El taxista aguardaba impaciente por su cliente. Se hallaba en una calle de tierra del barrio Ezbet El Haggana, en el noreste del Gran Cairo, una de las zonas más pobres de Egipto. Varios niños intentaban venderle fetir con pimientos rojos (pizza egipcia). La calle parecía un laberinto estrecho y polvoriento flanqueado por rústicos edificios de ladrillos a la vista, que daban la sensación de flamear ante las variadas y coloridas ropas que colgaban de sus balcones.

Ahmed parecía resignado. Era la tercera vez en el mes que hacía el mismo recorrido desde el aeropuerto hasta esa dirección.
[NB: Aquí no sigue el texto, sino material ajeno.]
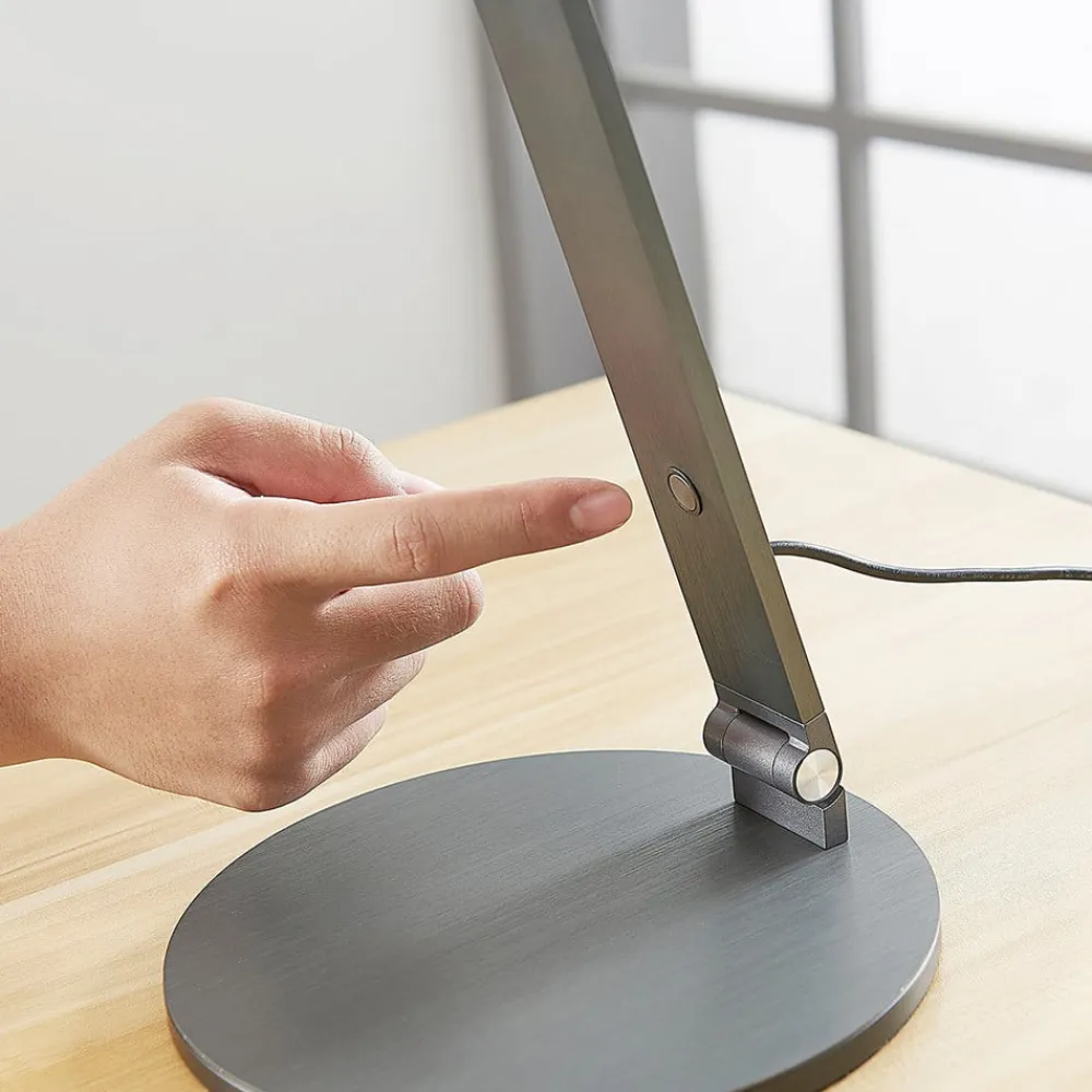 LED-skrivebordslampe Mion med rundt lampehoved og dæmper Mion er lavet af metal og har en blågrå overflade. Det flade, runde lampehoved er forbundet med den runde lampefod via tre led og to stænger, og dette design gør det muligt at justere lysstrålen optimalt. Berøringskontakten kan også bruges til at justere lysstyrken i fire trin (100%/50%/10%/off). Dette gør Mion bordlampen til en meget nyttig lyskilde til skrivebordet.

Un viaje que le reportaba una paga extra y un malestar que se adhería a sus vísceras como el buitre a la carroña.

Halima tenía 10 años, la edad de su hija Amal, y sus ojos negros intensos, su sonrisa delicada y su expresión de muñeca le recordaban a su pequeña.

Ahmed hubiese deseado ser el padre de Halima, solo para apartarla de una realidad que terminaría consumiéndola. Robándole lo poco que le quedaba de inocencia y secuestrando sus juegos de niña para convertirlos en apremios sexuales.

Terminó comprando una porción de fetir y una botella de agua mineral solo para alejar de su vista a los niños. Una vez que se fueron corriendo, para alcanzar a otro conductor, bajó dos de las ventanillas del taxi y una brisa espesa, húmeda y densa, propia del mes de agosto lo impulsó a mojarse las manos y refrescarse el rostro.

—¡Ahmed… Ahmed, qué alegría!—gritó Halima mientras intentaba soltarse de una mano gruesa, velluda y desproporcionada que la sostenía.

La niña llevaba una chilaba de color blanco con unos bordados rosas en las mangas, que le cubría todo el cuerpo hasta poco más de las rodillas, y dejaba asomar un pantalón negro y unas sandalias. Sobre su cabeza un hiyab de seda rodeaba su cuello y descansaba sobre su hombro derecho.

Su acompañante era saudí, tenía 58 años, mujer, tres hijos y una empresa dedicada al turismo. Acostumbraba a realizar unas escapadas de 3-4 días al mes a la ciudad de El Cairo, con la intención de contraer un “matrimonio temporal”. Ese era el tiempo que duraba, suficiente para consumir prostitución infantil.

Las normas islámicas rechazaban el sexo prematrimonial, pero no ese tipo de matrimonio que involucraba a menores y suponía varios miles de dólares en “dotes” para los padres.
En el caso de Halima, era la octava vez que se “casaba”.